Además del arco largo (longbow), existen otras dos modalidades: el arco compuesto (composite bow) y la ballesta (crossbow). El compuesto es de menor peso y dimensiones que el largo, y está fabricado con materiales como la madera, el hueso, el cuero y los tendones de diversos animales. Sus dimensiones, que disminuían su alcance respecto al largo, lo hacían idóneo para ser manejado a caballo. De ahí que sus principales usuarios fuesen pueblos nómadas procedentes del Este.

Respecto a la ballesta, hay precedentes del uso de artefactos similares en la China del siglo VI a. C. y en la Grecia clásica. Consiste en un arco encajado en un listón perpendicular, donde hallamos un sistema de poleas para el tensado y un disparador. Poseía un buen alcance y una gran fuerza de penetración –era capaz de atravesar cotas de malla y armaduras–, lo que obligó a los armeros a realizar nuevos diseños de placas.

Su uso estuvo muy extendido, y se prolonga hasta nuestros días. Actualmente, la ballesta es empleada por cazadores y por unidades militares de élite, pero daba mejores resultados como arma se sitio o asedio. Esto es debido a que el tirador necesita menos espacio para su manejo si se compara con el arco. Además, tiene una menor cadencia de tiro: un disparo por minuto, dos en caso de un experto. En su empleo destacaron, por ejemplo, los ballesteros genoveses.
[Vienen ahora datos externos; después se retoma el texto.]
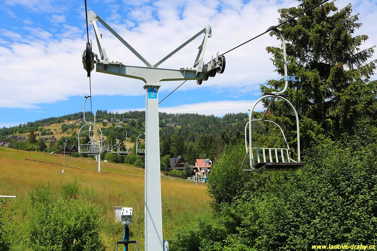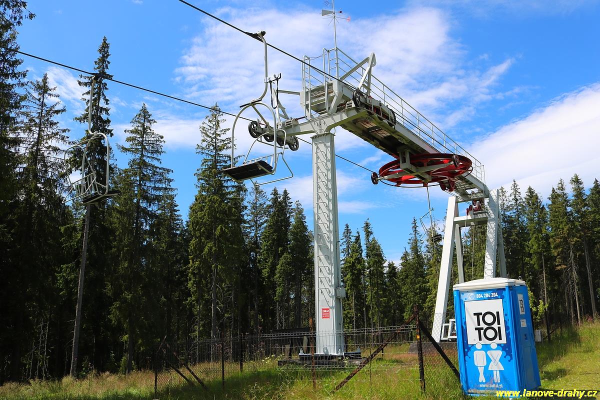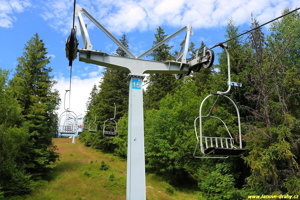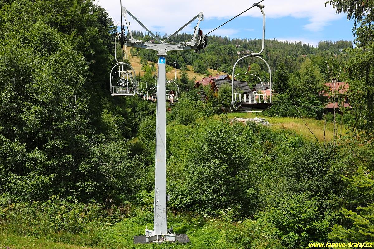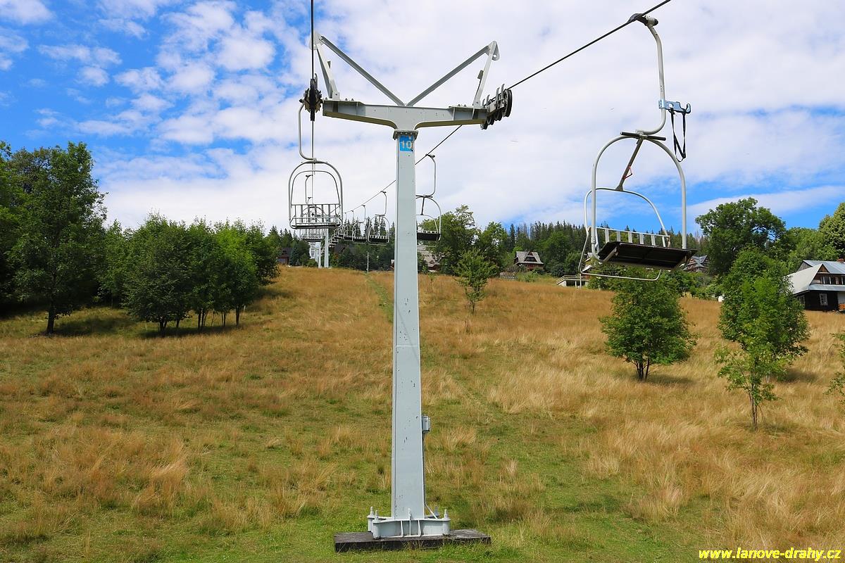 osobní visutá jednolanová dráha oběžného systému s neodpojitelným uchycením
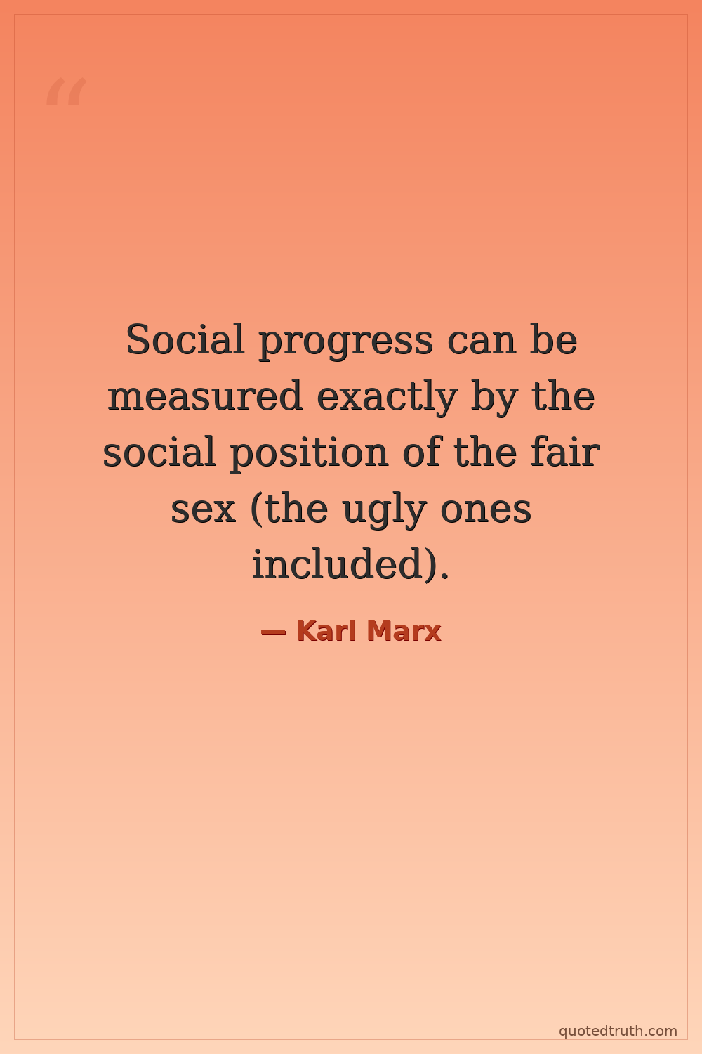 Social progress can be measured exactly by the social position of the fair sex (the ugly ones included).
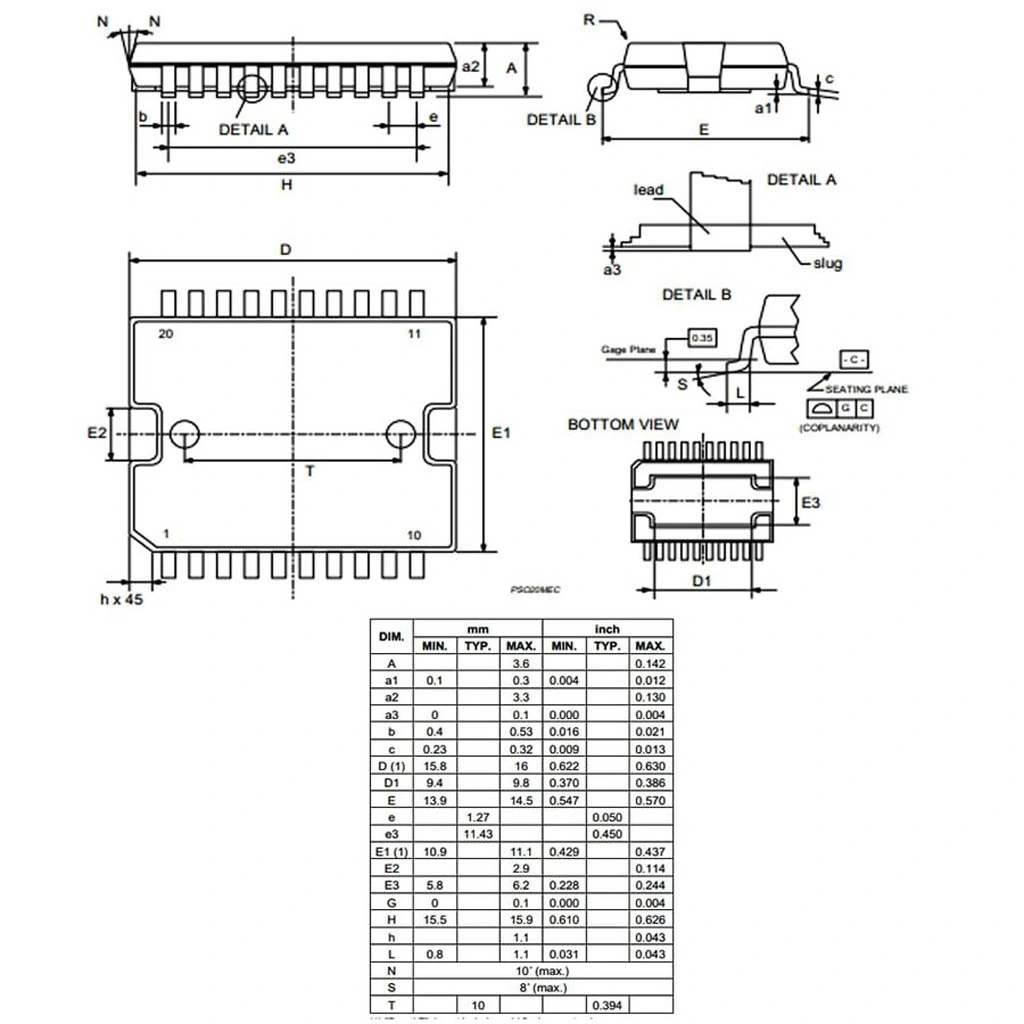 L298P SMD Motor Sürücü Entegresi PowerSO-20'nin detaylı teknik özellikleri aşağıda listelenmiştir.
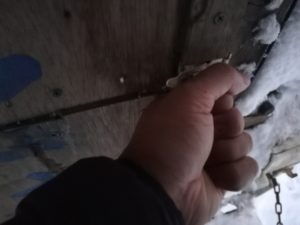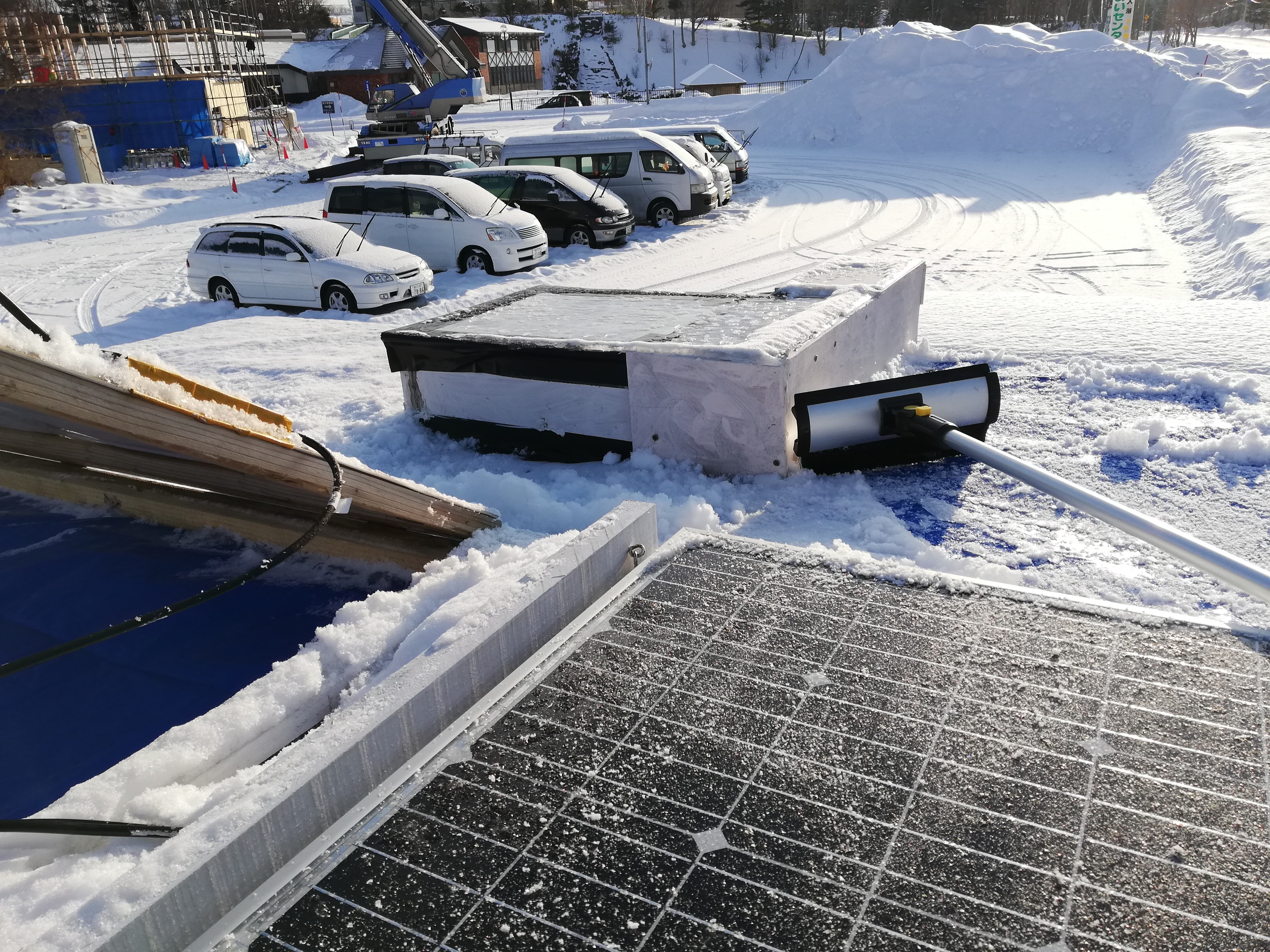 屋根にうっすらと積もった雪を落として、ソーラーを立てます。

El arco largo inglés medía más de 1,80 metros y su peso oscilaba entre los 4, 5 y los ocho kilos, o aún más, lo que nos da una idea de la fuerza física que debía poseer un arquero. Estaba fabricado a partir de una pieza de madera de olmo, aunque los más apreciados por su resistencia y elasticidad eran los de tejo, elaborados con madera procedente de España, Italia o Dalmacia.

La cuerda se realizaba con cáñamo recubierto por lino, y era bañada en cera de abeja para preservarla. Los arqueros solían llevar otra cuerda de repuesto enrollada en torno a la cabeza.

Las flechas medían casi un metro de longitud, y disponían de diferentes puntas, dependiendo de su fin. Un tirador experto era capaz de lanzar casi veinte flechas en un minuto, cuyo alcance doblaba al de la ballesta.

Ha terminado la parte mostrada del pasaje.